Hope the lads have a great time! :chug:


----------



## WarmBeer (23/8/10)

Fourstar said:


> ...excessive pints at James Squires watching the footy, an expensive and decent steak, gambling, cigars and spearmint rhino to cap it off! :beerbang:
> 
> Hope the lads have a great time! :chug:


You win.


----------



## Fourstar (23/8/10)

WarmBeer said:


> You win.




A day ive been doing with the boys since the 2005 sydney v west coast match. We call it 'high rollers day'. Been a whole lotta fun. last year 300$ escaped my wallet and 200 bucks down from the year before. Hopefully i have a quiet one this year! I cannot afford a big one!


----------



## bum (23/8/10)

Fourstar said:


> I'd come although i have my own GF celebrations consisting of...spearmint rhino to cap it off! :beerbang:



What an understanding GF you have, Fourstar! Something worth celebrating.

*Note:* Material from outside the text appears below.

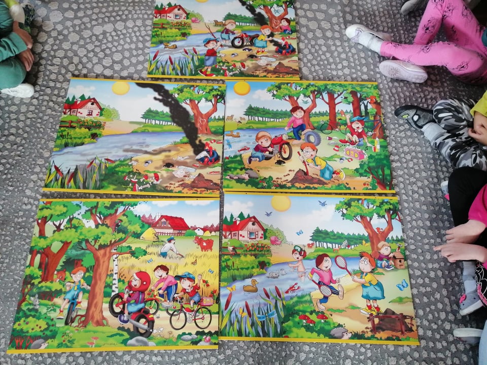W ramach Projektu „Segreguję nie marnuję!” przedszkolaki wykonały kolejne zadanie. Dziś dzieci układały i opowiadały historyjki obrazkowe, których celem jest wsparcie procesu wypracowywania postaw proekologicznych i utrwalających nawyki ekologiczne u dzieci. Przedszkolaki poznały sposoby na dbanie o środowisko w codziennych sytuacjach min.: jak powstają zanieczyszczenia powietrza oraz rzek, jak należy zachowywać się w lesie, jak codziennie ograniczać użycie plastiku oraz jak poprawnie segregować odpady. Już bardzo dużo wiemy, a to jeszcze nie koniec udziału w projekcie

Had been keeping my eye open for your announcement since it was vaguely mentioned a little while back, Leigh, but yeah, it's a bad timing for me too. Looks like a great time will be had though. Have fun everyone!


----------



## WarmBeer (23/8/10)

bum said:


> ...Looks like a great time will be had though...


What do you mean "a great time"? It's currently looking to be just Leigh, a big screen projector, a double-batch HERMS system, and a spit roast.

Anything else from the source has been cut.